Parkville Kansas city area


----------



## Jdmorel

Jdmorel said:


> Parkville Kansas city area


My early spot


----------



## JamesJayJameson

Jdmorel said:


> My early spot


Ive been all over parkville area and still havent had any luck over there , the only ones I've found were in Jackson county.


----------



## Jdmorel

View attachment 15160



JamesJayJameson said:


> Ive been all over parkville area and still havent had any luck over there , the only ones I've found were in Jackson county.

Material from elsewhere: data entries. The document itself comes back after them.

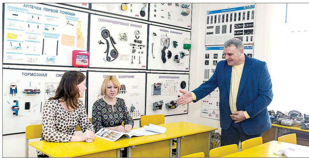
В Невьянске на площадях бизнес-инкубатора открыли автошколу

В региональном министерстве инвестиций и развития закончили принимать заявки на конкурс по размещению предпринимателей в Свердловском областном бизнес-инкубаторе.
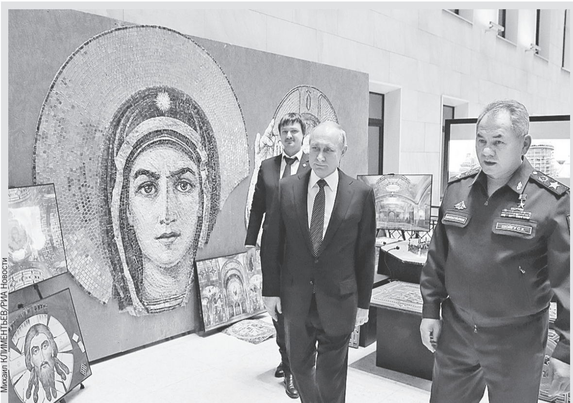
Владимир Путин приехал во вторник на ежегодную коллегию Минобороны. А перед этим Сергей Шойгу провел президента по выставке, на которой были не только новые вооружения, но и образцы внутреннего убранства Главного храма Вооруженных сил, который строится в Подмоскowie к 75-летию Победы.
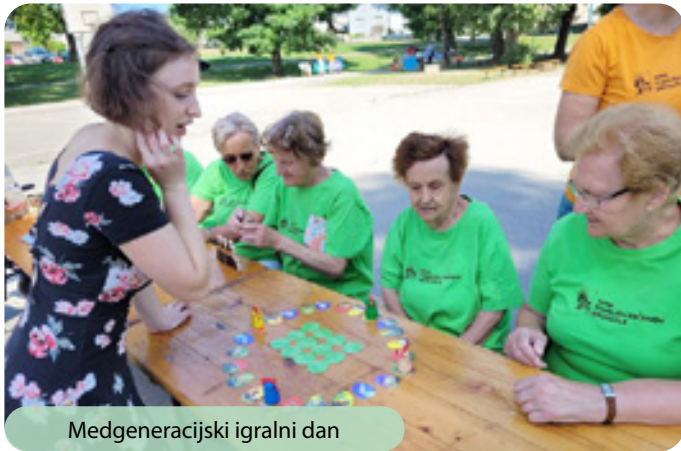
Medgeneracijski igralni dan
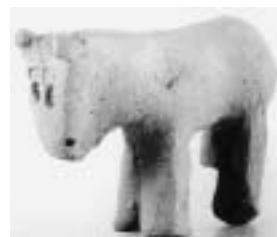
「いのりとまじないの世界」

富士の型染教室 3日 はじめてのやきもの教室 13日 機織り体験 13日、27日 博物館ゼミナール 17日 はじめての絵付け教室 20日 休館日 1日、8日、15日、22日、29日
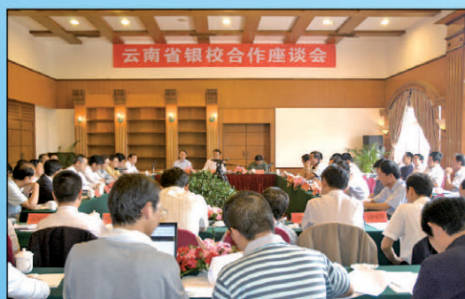
6月29日云南省银校合作座谈会在滇池花园酒店举行
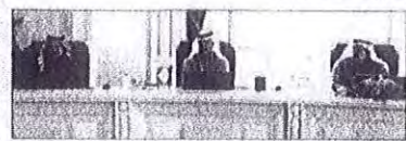
برديوي وزير العدل وحامي وزير العدل

قرر مجلس الوزراء رفع الحد الأقصى لغرامة المخالفات المرورية من 10 آلاف دينار إلى 15 آلاف دينار، وذلك في إطار خطة الحكومة لرفع سقف الغرامات المرورية. ووافق المجلس على رفع الحد الأقصى لغرامة المخالفات المرورية من 10 آلاف دينار إلى 15 آلاف دينار، وذلك في إطار خطة الحكومة لرفع سقف الغرامات المرورية. ووافق المجلس على رفع الحد الأقصى لغرامة المخالفات المرورية من 10 آلاف دينار إلى 15 آلاف دينار، وذلك في إطار خطة الحكومة لرفع سقف الغرامات المرورية.

Didnt find a bunch in my parkville spot but did find some. Me and the wife are going a little south this weekend the rain will have helped this weekend and next should be good.


----------



## kb

not much rain made it north of st. joe. Right now any and all rain is welcome.


----------



## Jdmorel

kb said:


> not much rain made it north of st. joe. Right now any and all rain is welcome.

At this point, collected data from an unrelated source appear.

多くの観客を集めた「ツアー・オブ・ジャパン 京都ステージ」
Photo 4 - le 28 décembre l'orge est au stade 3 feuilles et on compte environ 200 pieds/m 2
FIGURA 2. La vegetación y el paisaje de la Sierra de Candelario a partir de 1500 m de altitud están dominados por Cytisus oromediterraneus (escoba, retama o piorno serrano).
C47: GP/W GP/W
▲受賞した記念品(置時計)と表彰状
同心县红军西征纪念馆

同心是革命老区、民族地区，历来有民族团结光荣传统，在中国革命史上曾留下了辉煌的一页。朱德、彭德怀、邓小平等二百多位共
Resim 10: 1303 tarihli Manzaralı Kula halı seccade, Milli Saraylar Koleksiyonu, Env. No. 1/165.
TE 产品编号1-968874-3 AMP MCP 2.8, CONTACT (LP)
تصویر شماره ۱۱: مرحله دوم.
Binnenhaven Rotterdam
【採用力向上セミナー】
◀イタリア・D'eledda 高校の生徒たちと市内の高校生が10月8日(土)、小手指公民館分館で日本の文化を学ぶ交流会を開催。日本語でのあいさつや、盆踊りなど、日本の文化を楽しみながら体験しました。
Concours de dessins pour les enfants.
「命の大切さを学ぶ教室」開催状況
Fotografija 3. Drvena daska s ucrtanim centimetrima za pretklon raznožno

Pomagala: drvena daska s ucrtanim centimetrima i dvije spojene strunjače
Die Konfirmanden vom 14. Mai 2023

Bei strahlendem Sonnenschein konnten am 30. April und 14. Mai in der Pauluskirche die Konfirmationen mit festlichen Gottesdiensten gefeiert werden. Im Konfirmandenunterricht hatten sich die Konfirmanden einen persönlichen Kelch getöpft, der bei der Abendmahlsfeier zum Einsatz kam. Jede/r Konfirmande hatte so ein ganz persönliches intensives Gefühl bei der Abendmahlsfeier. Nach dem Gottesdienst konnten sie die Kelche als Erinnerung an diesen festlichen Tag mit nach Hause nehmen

That's why I'm going south this weekend. Good luck out there


----------



## Jdmorel

first of many great meals next I'm mixing in some spoon bill


----------



## morelmaniacmn

Nice!!!


----------



## Jdmorel

Todays find


----------



## Old Elm

Jdmorel said:


> View attachment 15606
> Todays find


Those are just perfect-Enjoy.


----------



## morelmaniacmn

Nice work! How far south did ya go?


----------



## Jdmorel

morelmaniacmn said:


> Nice work! How far south did ya go?


Hillsdale


----------



## kb

Need rain in the hills. Exposed areas and south slopes are dry and dusty. I still think we will have a good season if it rains this week. Most of NE Kansas out through the Flint Hills is dry. Mo. north of Platte city and west of I 35 is dry. I got my Easter morels picked but most came on one tree. Others had very little or none.


----------



## Jdmorel

kb said:


> Need rain in the hills. Exposed areas and south slopes are dry and dusty. I still think we will have a good season if it rains this week. Most of NE Kansas out through the Flint Hills is dry. Mo. north of Platte city and west of I 35 is dry. I got my Easter morels picked but most came on one tree. Others had very little or none.


I agree


----------



## kb

went south of I-70 in Kansas where the rains fell, a little over #3 on elm and cottonwood. Had to leave this desert I live in up here.


----------



## shroomdawg

kb said:


> went south of I-70 in Kansas where the rains fell, a little over #3 on elm and cottonwood. Had to leave this desert I live in up here.



Went out this mornin and ran into a ol baw who had a decent sacka shrooms. I almost asked him if he knows any shroom stomper named kb but was afraid cuz I figure he’d say you got’m.


----------



## kb

Funny who you do run into in places, dawg. I met a guy once from St. Joe hunting the same spot I was up in S. Dakota. We both were like, what the hell are you doing in my spot 300 miles from home, those are my shrooms. Then we started talking morels and made up. I hate this dry stuff. May need to drive over in NE. Mo where it has rained.


----------



## Swat1018

Found a good patch on public today in NE MO.


----------



## shroomdawg

kb said:


> Funny who you do run into in places, dawg. I met a guy once from St. Joe hunting the same spot I was up in S. Dakota. We both were like, what the hell are you doing in my spot 300 miles from home, those are my shrooms. Then we started talking morels and made up. I hate this dry stuff. May need to drive over in NE. Mo where it has rained.



Dude sent me a pic from Holt Mo of some medium fresh grays, claims they came from the hills so I guess if you find some valleys with moisture there's some shrooms up in there.


----------



## kb

WEll, maybe I will mosey on up there and take a look. I know it is drier than heck, but I do have some spots with lots of elm on various slopes, part of the problem is the dang roads are blocked. All it takes is one real good tree to make a day. I think a person can get up to Rock Port on I 29 but that's it. I was down at Malvern Lake in Kansas today. It was wet there, I got a little over #3. Explored some areas I have never hunted in and mostly hit road elm. Any day picking is better than working. Paid my gas plus morels to east.


----------



## kb

OK, I went up near the border today, but I went up I -35. I picked about 1.5# on elm. None were bigger than my thumb that I picked. Saw smaller ones but not on many trees. I still think most of the morels wanted to come up last week and we missed it, but I hope I am wrong.


----------